I think its perhaps also worth mentioning as an aside that we are not to judge ourselves either when things go wrong. ‘Why me’ is not a helpful question. We do the same as we are tempted to with others and question if God is judging us somehow, or if he doesn’t really exist or care about us. Perhaps we have been singled out for special misfortune, its not fair. But Jesus’ response would I think be the same, no when difficult things come they are not a sign of judgement. Sometimes there is no reason. We cannot control what happens to us, but we can control how we respond, and thorough the trials we can grow.
This is where the next part of our gospel today comes in. Jesus tells the story of the barren fig tree. Now at first sight it seems a bit odd. How does this gardening metaphor fit with this? Why do these two stories fit together?

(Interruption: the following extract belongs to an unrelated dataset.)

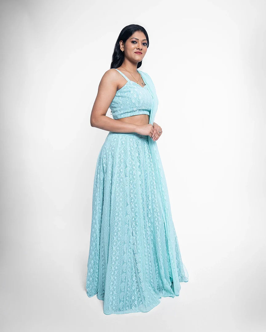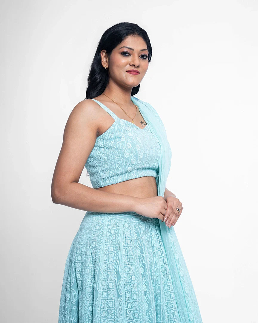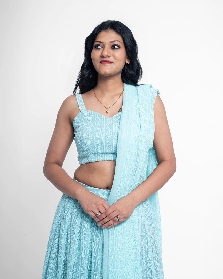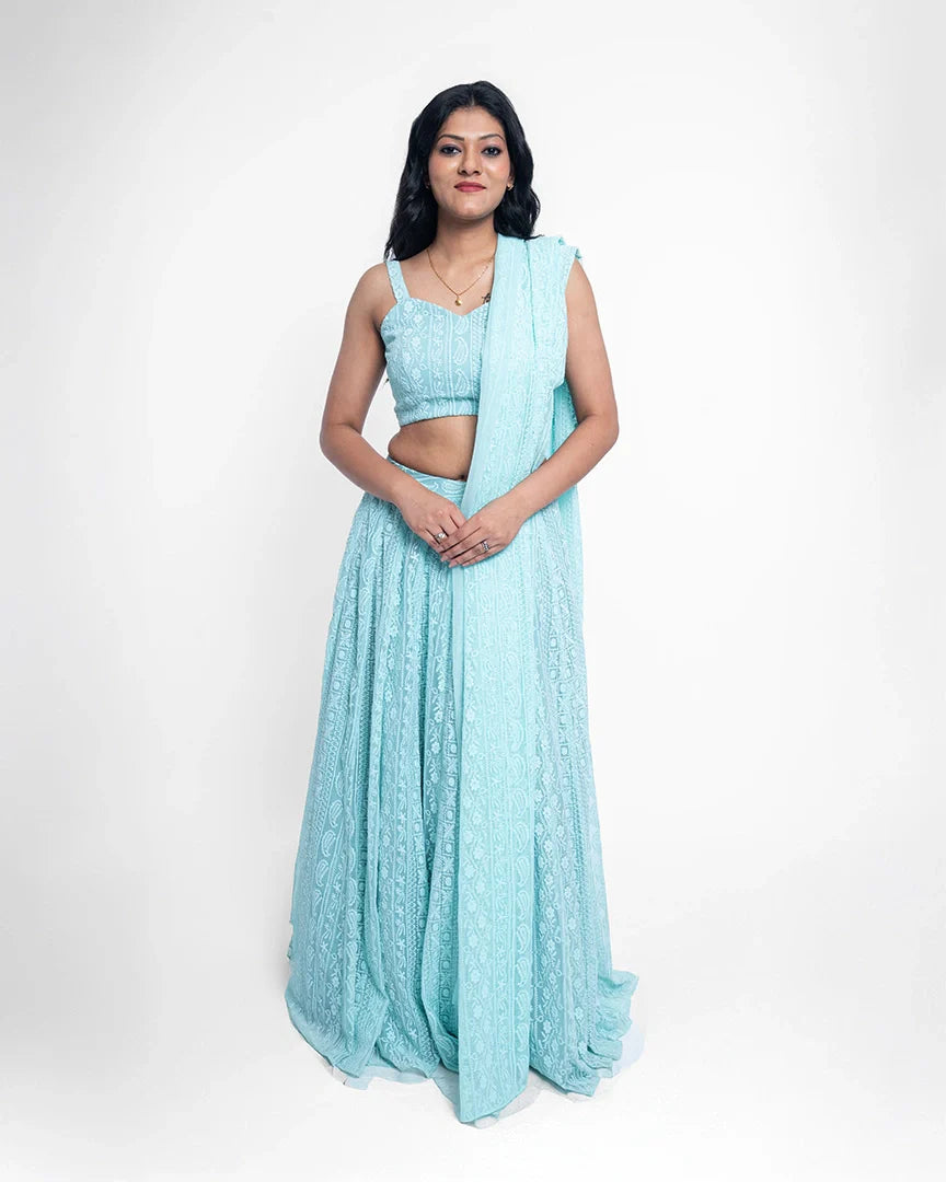 Chikankari beauty meets pastel blue serenity in this lehenga — a vision of graceful elegance perfect for day weddings and dreamy celebrations.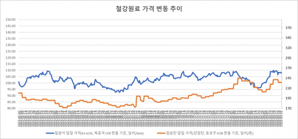 키워드 #철광석 #제철용 원료탄 이사무엘 기자 smlee@snmnews.com 다른 기사 보기 관련기사 日 공영제강, 4월 철근 판매價 1만엔 인상…두 달 연속↑ 철강 저탄소 전환 제도 본격화…산업통상부, 인증·수요·인프라 틀 마련 KG스틸, 중고차 플랫폼 케이카 인수…철강 넘어 ‘유통 플랫폼’ 승부수 성원, STS강관업 ‘감산’ 뚫고 나홀로 증산…영업익 28.7% 급증 기후부·산업부, 철강업 탄소중립 기술 확보 등 철강·금속 연관 추경안 요청 [오늘 중국은-표] 중국 철강업 PMI, 8개월 만에 50↑ [이슈] 중동 변수에 아연·도료 등 ‘표면처리 비용’ 들썩…컬러·도금강판 비용 오르나 ‘반덤핑 조치론 부족’ EU, 방향성 전기강판 세이프가드 조사 [일일비철시황] 전쟁 리스크 완화 기대…비철價 ‘강세 마감 현대제철, 당진 청소년 대상 안전교육 고도화…딥페이크 예방 프로그램 도입 수출 800억달러 돌파 속 철강만 ‘역행’…3월 수출 감소 철강업계, 에너지 절감 대응 확대…전사적 실천 강화 저작권자 © 철강금속신문 무단전재 및 재배포 금지

For me I think the story of the fig tree is primarily a story of second chances. The fig tree isn’t doing its thing. There are no figs. It’s taking up precious space, time, effort and water to no good effect. Surely the sensible thing to do is chop it down, dig out the root and start again with a new tree that might produce some fruit?
But the gardener says no. Give it another go. Feed it care for it, maybe it will be better next year. Give it another chance. I see God as being a bit like that. Offering to care for us, to give us another chance. Earlier in our reading when the disciples are asking about the disasters Jesus tell them to repent of their own sin. We cannot know what each day will bring, we are to be prepared to meet with God, sometimes bad things do happen. In other–words turn around, turn away from your sin, start again. Its exactly what the gardener pleads for the fig tree. Give it another chance, feed it, care for it, see if it bears fruit.
That is to be our response to sin. We are not to spend all our time calling sin out in others, instead when we are tempted to do this, we are to look at ourselves. Not in a self–pitying, why me, God no longer loves me way, but in an honest way we are to look at our lives and own up to those things we do that are wrong. Things that are against who God calls us to be. We are then to turn away from them, to feed and care for our faith, our relationship with God and our neighbour. And, like the gardener with the fig tree, this will bear fruit and the tree will be spared. If we don’t respond in this way then we should realise that Jesus is quite clear there are consequences of not dealing with the sin in our lives, to not repenting.
So where does all this leave us?
Well as our reading from Isaiah tells us, God is a God who forgives generously. There is hope for us, just as there is hope for the fig tree. We will never understand fully the ways of God. God’s ways are not our ways, in the same way we can never fully understand this side of heaven why bad things happen. In the end we will be judged rather on the way we respond, we all have the second chance the fig tree was given, we can all reflect, repent and try again.
So what do we take from our readings today? Well don’t try and minimise the sufferings of others or blame them in anyway. We cannot sit in a place of judgement. Secondly instead of looking for the sins in others look instead to our own lives and where we could do better and finally, have hope, there is good news, God is the God of the second chance.We can never understand the ways of God, but we can always trust in the goodness of God.